Work task: Everything from the line containing "A player prepares" through the last line of the listing below should be returned exactly, except for pictures.

Data extract:
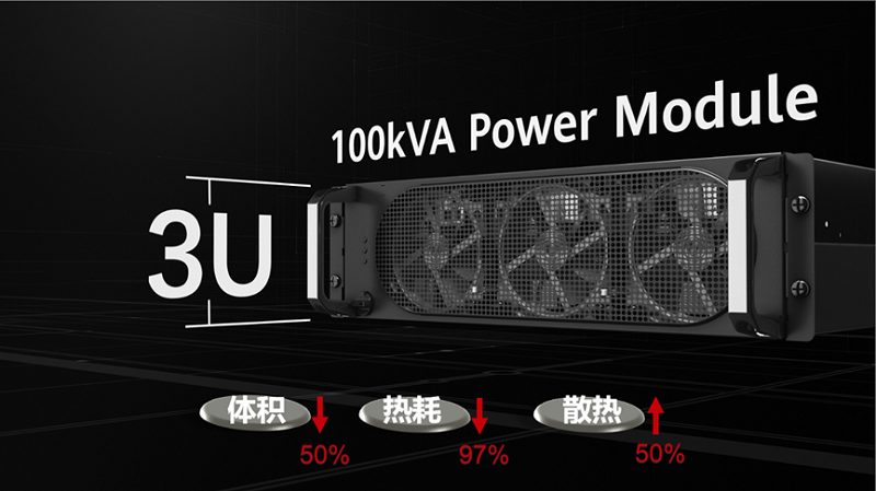 华为表示,目前已经在全球部署多个 UPS 实验室在 UPS 产品各项性能和指标上不断实现创新突破。具体来看,功率模块从 50kW/3U 向 100kW/3U 突破华为 2020 年发布了 100kW/3U 超高密模块化热插拔功率模块,通过多项专利,在功率模块体积、热耗、散热等方面进行了创新设计,实现高密新高度。
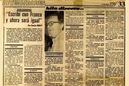 Escribí con Franco y ahora será igual" [artículo] / Emilio Bakit. La Segunda (Santiago, Chile)-- abr. 11, 1980, p. 33. retr. .
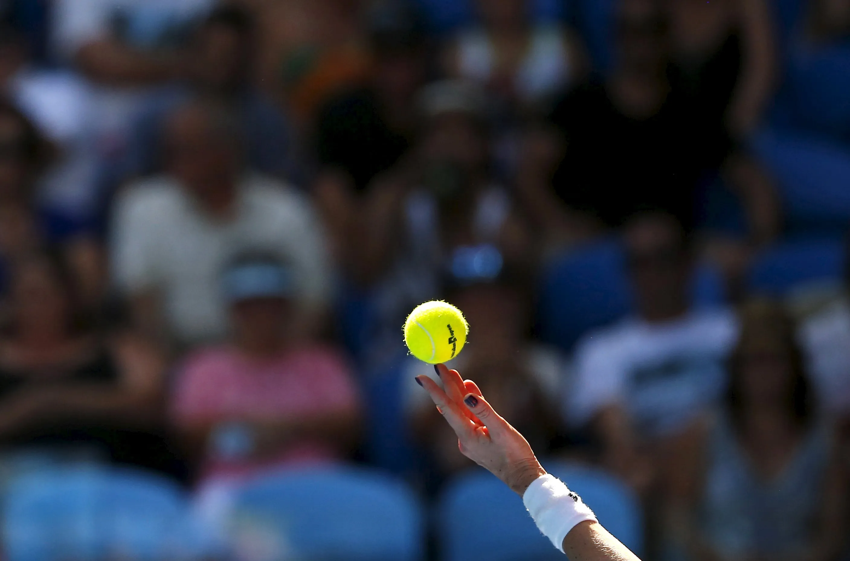 A player prepares to serve at the Australian Open tennis tournament at Melbourne Park, Australia, January 18, 2016. World tennis was rocked on Monday by allegations that the game's authorities have failed to deal with widespread match-fixing, just as the Australian Open, the first Grand Slam tournament of the year, kicked off in Melbourne. (Photo by Thomas Peter/Reuters)
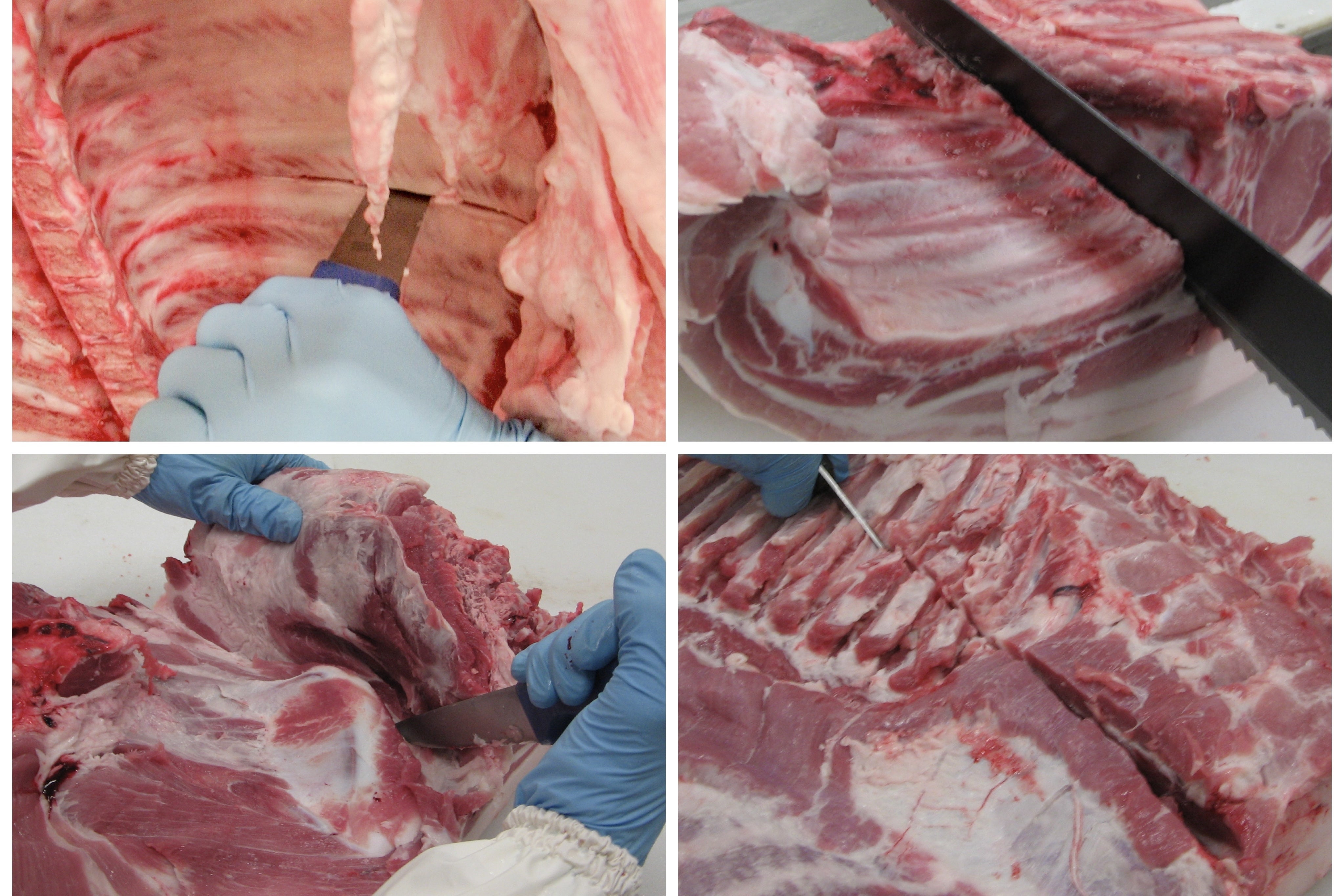 スーパーや精肉店の店頭に並ぶ前の作業になります。
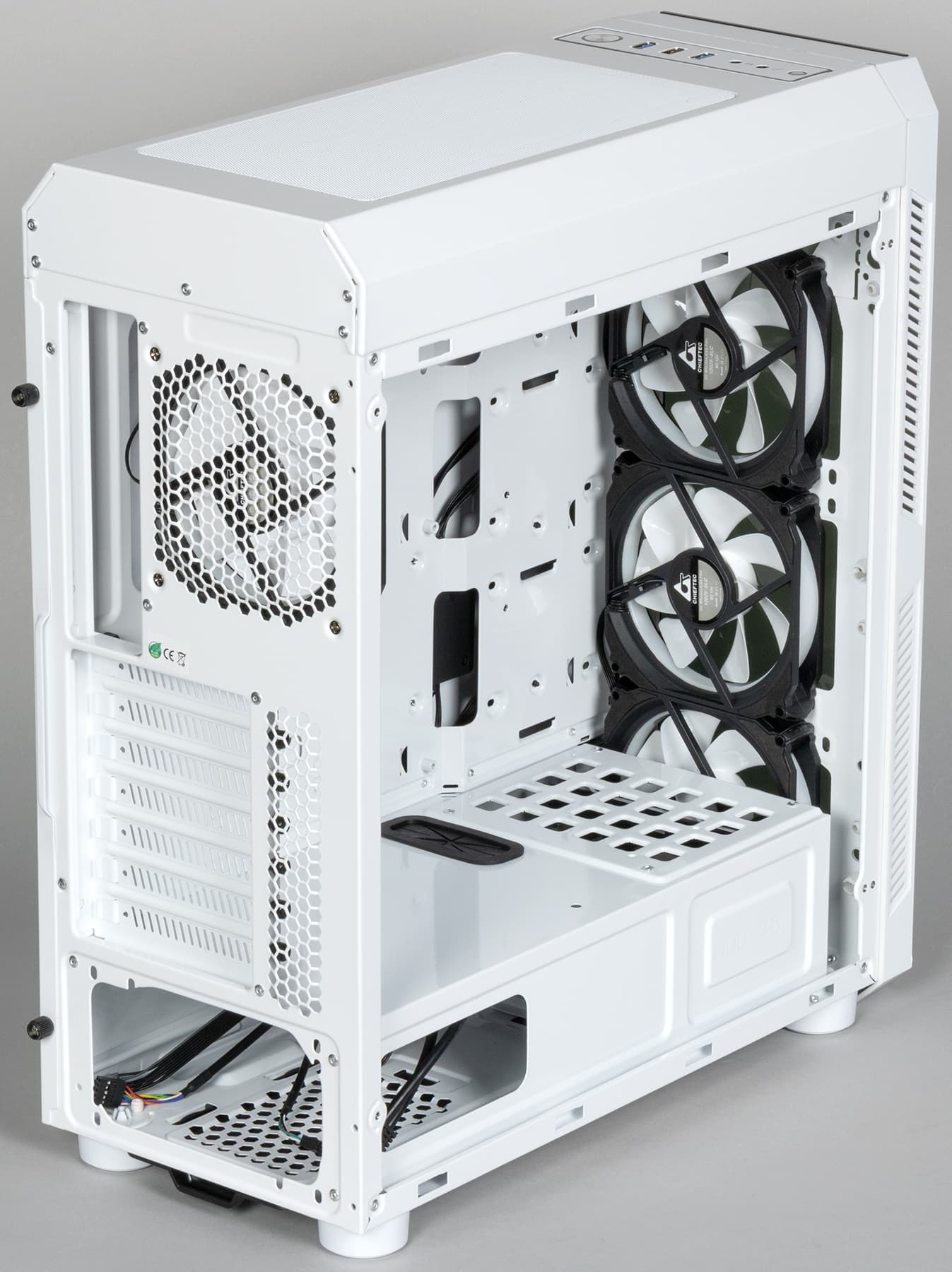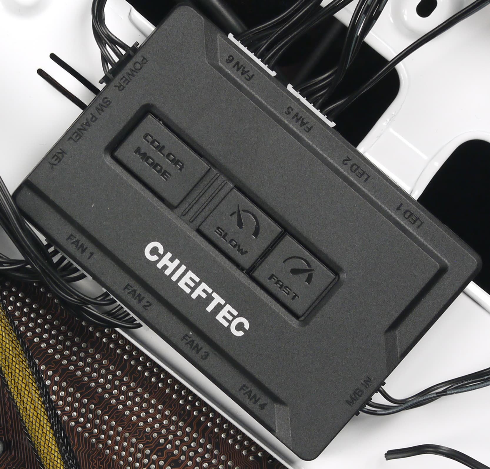 У данной модели корпуса две стеклянные панели: спереди и слева. Предустановлены вентиляторы с ARGB-подсветкой и штатный контроллер управления вентиляторами с ПДУ.

Response area:
 A player prepares to serve at the Australian Open tennis tournament at Melbourne Park, Australia, January 18, 2016. World tennis was rocked on Monday by allegations that the game's authorities have failed to deal with widespread match-fixing, just as the Australian Open, the first Grand Slam tournament of the year, kicked off in Melbourne. (Photo by Thomas Peter/Reuters)
 スーパーや精肉店の店頭に並ぶ前の作業になります。
 У данной модели корпуса две стеклянные панели: спереди и слева. Предустановлены вентиляторы с ARGB-подсветкой и штатный контроллер управления вентиляторами с ПДУ.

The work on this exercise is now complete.